Happy Birthday, Central: 20 Years in the Old Bank Building

Thursday, April 11, 2024
14W10-Central
The First National Bank Building in 1909

The grand, six-pillared, bronze-doored building at 10th and Baltimore streets has been home to the Kansas City Public Library’s Central location since April 2004. The structure, established as the First National Bank in 1906, has acted as the cultural nerve center, knowledge source, and bridge over the digital divide for the greater Kansas City community ever since.

Twice, the building has changed the landscape of downtown. First as one of several banks that established “Bankers Row,” helping to transform the Wild West crisscross of dirt roads into a metropolitan downtown.

vintage postcard
A 1909 postcard of Bankers’ Row.

And many decades later, the building became a cornerstone of revitalization efforts when it was reimagined as the Library, remaking the neighborhood as the Library District.

The white Georgia marble building was designed by Wilder & Wight, which later became Wight & Wight, the designers of the Nelson-Atkins Museum of Art. Total construction cost was $350,000, the land $90,000. The Kansas City Public Library’s first full-time director, Carrie Westlake Whitney – regarded as the mother of the Library – had no reason to imagine the bank building would be home to her Library a century later.

Nonetheless, she wrote about it.

In her 1908 History of Kansas City, Whitney wrote: “In five years the erection of new skyscrapers, bank buildings, theaters, store buildings and other edifices, has changed the appearance of the down-town district. The transformation of Tenth street between Baltimore avenue and Oak street has been especially marked.”

vinatge postcard
A 1907 postcard that shows the corner of 10th Street and Baltimore.

She notes that the area began to shape up in 1906 “when the First National bank began the erection of its elegant new building at the northeast corner of Tenth street and Baltimore avenue. … Tenth street, on which so many handsome buildings have been erected, is narrow and crooked.”

Later in the manuscript, she adds that “The finest exclusive bank building in the West is said to be that of the First National bank at Tenth street and Baltimore avenue.”

The building at 14 W. 10th Street and the others nearby made the area viable for all types of commerce.

For several years, according to Special Collections Senior Librarian Michael Wells, many Kansas Citians had been trying to leave “the city’s frontier past in the history books” – and the banks catalyzed that change.

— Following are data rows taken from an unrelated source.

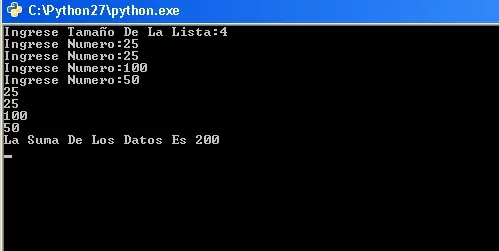 Esta vez les traigo un ejemplo de como sumar los datos de una lista obviamente la lista tiene que tener valores numéricos. Aprenderemos como llenar una lista, como imprimir los valores de la lista, y como ya lo dije antes veremos como sumar todos los datos de la lista. Veamos el código. #------------------------------------------------------------------------------- # Name: Sumar Datos de Una Lisa # # Author: Cristian Torres #------------------------------------------------------------------------------- class Lista: lista = [] suma = 0 def llenarlista(self): x= int (raw_input("Ingrese Tamaño De La Lista:")) for i in range(x): #llenar lista self.lista.append(int(raw_input("Ingrese Numero:"))) #imprimir lista for i in self.lista: print i def sumar(self): for i in self.lista: self.suma+= i print "La Suma De Los Datos Es:",self.suma obj = Lista() obj.llenarlista() obj.sumar() Linea 6 empezamos creando una clase. Linea 7 declaramos la lista vacía. Linea 8 declaramos la variable suma que nos servirá para sumar los datos Linea 9 creamos un método que se encargara de llenar la lista. Linea 11-13 llenamos la lista según el tamaño que aya indicado el usuario. Linea 15 y 16 recorremos la lista e imprimimos los datos. Linea 18 creamos un método que servirá para sumar los datos de la lista. Linea 19-21 recorremos la lista para sumar los datos en la variable suma, y luego la imprimimos. Linea 23 creamos una instancia de nuestra clase Lista. Linea 24 y 25 invocamos los 2 métodos que hemos creado. También puedes encontrarlo en mi blog Blog
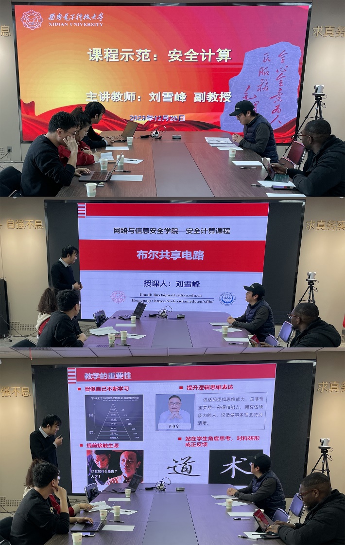 (通讯员胡瀛)12月25日上午10:30,银河6163官方网站“结合安全计算课程、聚焦学生角度授课”教学示范课程在网安大楼B-209 会议室召开,结合“安全计算”课程示范讲解,探讨如何聚焦学生角度进行合理授课,以本为本,围绕学生中心进行人才培养。本次沙龙由刘雪峰老师主讲,杜小刚老师主持,网信院青年教师参会。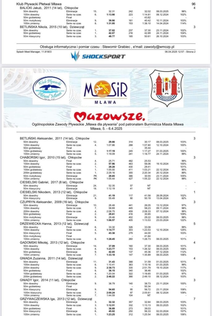 - Ogólnopolskie Zawody Pływackie w Mławie – 500 zawodników, rekordy i niezapomniane emocje!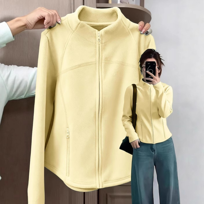 スタンドカラーポーラーフリース裏地付きベルベットスウェットシャツ、女性用秋用コート、女性用スリムフィットジャケット、厚手のカーディガン付きインナーウェア
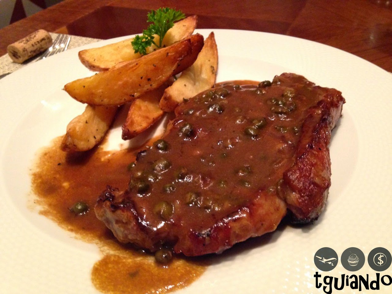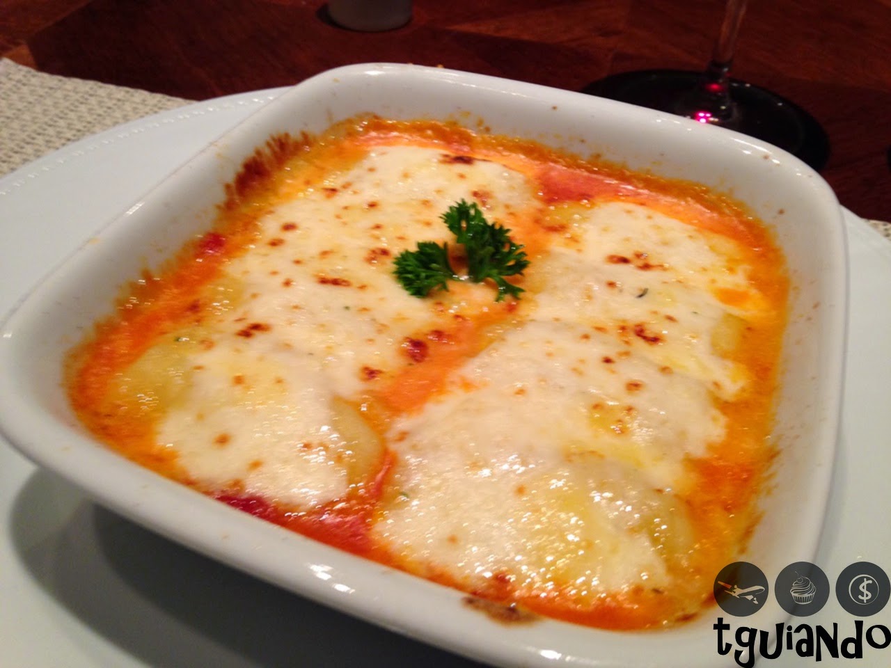 Não lembrava do que tinha comido da outra vez, fiquei na dúvida e acabei pedindo o mesmo prato. Pelo jeito é o que mais me chamou a atenção no cardápio. Pedi Gnocchi Maremonti (recheado com queijo brie e mozarella, ao molho de tomates frescos e molho bechamel, gratinado ao forno) e o Rafa, Chorizo Al Pepe (bife chorizo ao molho de pimentas acompanhado de batatas rústicas).

Leaving the frontier past behind meant shaking the “Cowtown” image and replacing saloons with other types of businesses. In a “What’s Your KCQ” article, Wells wrote that, for a while, the plan worked: “As city limits pushed south away from the river, they welcomed a wave of gentile refinement, especially so in the burgeoning downtown shopping district on 11th Street.”

groups of flowers in birthday celebration
What is now Kirk Hall filled with flowers for the building’s 50th anniversary in 1956.

But then, with the rise of the automobile came the Country Club Plaza in the 1940s, specifically designed to deal with customers arriving in their own vehicles. Similarly, suburban malls attracted people away from the restaurants and retail of downtown.

As merchants left downtown shops – notably Emery, Bird & Thayer in 1968 and Harzfeld’s in 1984 – the bank held on. But it was no longer part of something greater than itself.

After changing hands several times, its final banking occupant, U.S. Bank, closed the doors in 1999.

By that time, Kansas Citians had begun describing the area as a ghost town, “slumbering,” or, worse, an “urban wasteland.”

In a June 1, 1997, article in The Kansas City Star, Scott Cantrell wrote: “Mostly you've got surface parking lots, acres and acres of them, where buildings once stood. After dark, the attractions are limited to a couple of low-rent bars and a massage parlor.”

At the time, the development of the Power & Light district was being hotly debated. What would it look like, what would be included, who would use it, and what would it cost?

But, unlike the changes to downtown that Carrie Westlake Whitney wrote about in the early 1900s, maybe improvements didn’t have to be so much about adding centers of commerce.

Maybe the community needed a new heart.

Those who came together in 2000 to finance the $50.2 million renovation of the old First National Bank building took a gamble. The late Phil Kirk, once chairman of DST Realty, the Hall Family Foundation, and Chairman Emeritus of Commerce Bank Jonathan Kemper would repurpose the bank as the Central location of the Kansas City Public Library.

Within years of the 2004 grand opening, the historic area around the new Central Library – now known as the Library District and listed on the National Register of Historic Places – sprang back to life with the conversion of other pre-World War II buildings into lofts, condos, and apartments and the emergence of restaurants and other businesses.

And so, for the second time, the building changed Kansas City.

To celebrate two decades at 14 W. 10th Street, the public is invited to an all-ages drop-in happy hour from 5:30-7:30 p.m. on April 19, 2024, that includes refreshments, crafts for families, a scavenger hunt with prizes, and dancing to music provided by a quartet from the Kansas City Jazz Orchestra.